Mais on revient à l'impossibilité humienne de conclure, d'un fait, un devoir. La justice trace ici une limite entre espace public et espace privé, considérant que donner accès aux "amis de ses amis" à son profil Facebook constitue, de fait, un abandon du respect au droit à sa vie privée.  Pour E. Barbry, il en va même de la "nature" de ce mode d'accès, qui ne "saurait être considéré" comme une correspondance privée.

On est en droit de se demander: pourquoi? Certes, pour un non-utilisateur de Facebook, il s'agit sans doute d'une forme d'exhibitionnisme. Mais celle-ci reste toutefois limitée dans les cercles d'une communauté, à savoir celle des "amis de ses amis". Il ne s'agit pas, comme ici, d'un blog public. Le droit français vient pourtant d'assimiler purement et simplement les deux.

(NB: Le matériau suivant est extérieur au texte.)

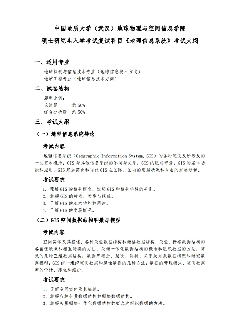 中国地质大学考研辅导班: 中国地质大学(武汉)2020年地球探测与信息技术专业&地质工程专业-地球信息技术方向-复试科目

Pour J.-M. Manach, il a bien fait, car on ne peut pas "espérer pouvoir mener une “vie privée” dès lors que l’on s’exprime devant des dizaines, et plus souvent encore des centaines, d’”amis” qui n’en ont souvent que le nom, et que l’on ne connaît généralement pas vraiment". Dès lors, selon lui, cela ne doit mener à aucune censure, mais à responsabiliser les internautes. On rejoint ici le titre moralisateur du billet d'E. Barbry, "méfiez-vous de vos propos"... Peut-on croire que cette invocation à la responsabilisation ne constituerait pas, elle aussi, une forme de censure?  Dans Oublier le droit à l'oubli, on avait rappelé que :

La responsabilité individuelle, fondement du droit jusqu'à nouvel ordre, n'a aucun rapport avec le fait que tous vos actes et paroles soient accessibles de façon permanente par votre patron, votre ex, vos arrières-petits-enfants ou le militant néonazi s'amusant à répertorier tous les changements de noms de personnes d'origine juive, maghrébine ou arménienne.
Contrairement à ce que prétend Hugo Roy, cité par Manach, publier un écrit n'implique pas, ipso facto, qu'il soit public. Pas, en tout cas, quand il s'agit de publication dans un cercle restreint: sinon, il n'y aurait plus aucun sens à parler de secret des correspondances.  Ni non plus, par exemple, de conserver confidentiel les compte-rendus publiés de certaines délibérations, comme celles du Conseil constitutionnel, ou, pendant longtemps, des débats parlementaires. Il y a toujours eu, en fait comme en droit, des distinctions entre niveaux de publicité des écrits.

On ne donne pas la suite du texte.